• What to produce:
Return, with both end lines included, exactly what the data below holds from the line with "Допускаемое давление [p]п" through the line with "SponsoredSin embargo, comenzó", though not the pictures.

• Material shown:
==========
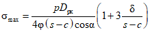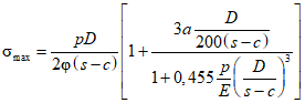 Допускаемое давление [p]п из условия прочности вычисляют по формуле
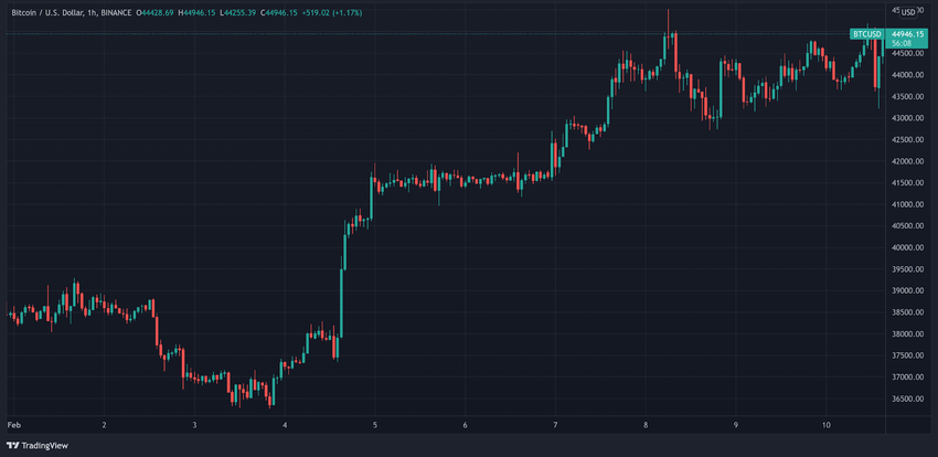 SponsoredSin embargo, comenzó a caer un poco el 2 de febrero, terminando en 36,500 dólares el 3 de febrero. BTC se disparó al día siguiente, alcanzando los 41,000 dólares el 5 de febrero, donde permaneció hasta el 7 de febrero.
==========
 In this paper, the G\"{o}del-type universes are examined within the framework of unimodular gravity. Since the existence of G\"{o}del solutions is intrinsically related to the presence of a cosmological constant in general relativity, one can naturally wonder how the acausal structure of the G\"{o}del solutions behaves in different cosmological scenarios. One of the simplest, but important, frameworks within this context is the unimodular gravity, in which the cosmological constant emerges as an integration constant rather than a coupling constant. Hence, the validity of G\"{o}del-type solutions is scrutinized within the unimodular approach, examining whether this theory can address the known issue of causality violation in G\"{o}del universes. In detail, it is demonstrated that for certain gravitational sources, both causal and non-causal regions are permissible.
==========
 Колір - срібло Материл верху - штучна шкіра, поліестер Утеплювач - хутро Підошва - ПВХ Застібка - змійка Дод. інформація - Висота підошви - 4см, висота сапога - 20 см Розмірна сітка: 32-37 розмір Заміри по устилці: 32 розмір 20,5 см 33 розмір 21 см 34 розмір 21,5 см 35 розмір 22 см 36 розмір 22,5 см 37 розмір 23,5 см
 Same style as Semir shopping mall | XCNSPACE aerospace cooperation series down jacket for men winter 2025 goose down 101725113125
==========
• Answer for this exercise:
 Допускаемое давление [p]п из условия прочности вычисляют по формуле
 SponsoredSin embargo, comenzó a caer un poco el 2 de febrero, terminando en 36,500 dólares el 3 de febrero. BTC se disparó al día siguiente, alcanzando los 41,000 dólares el 5 de febrero, donde permaneció hasta el 7 de febrero.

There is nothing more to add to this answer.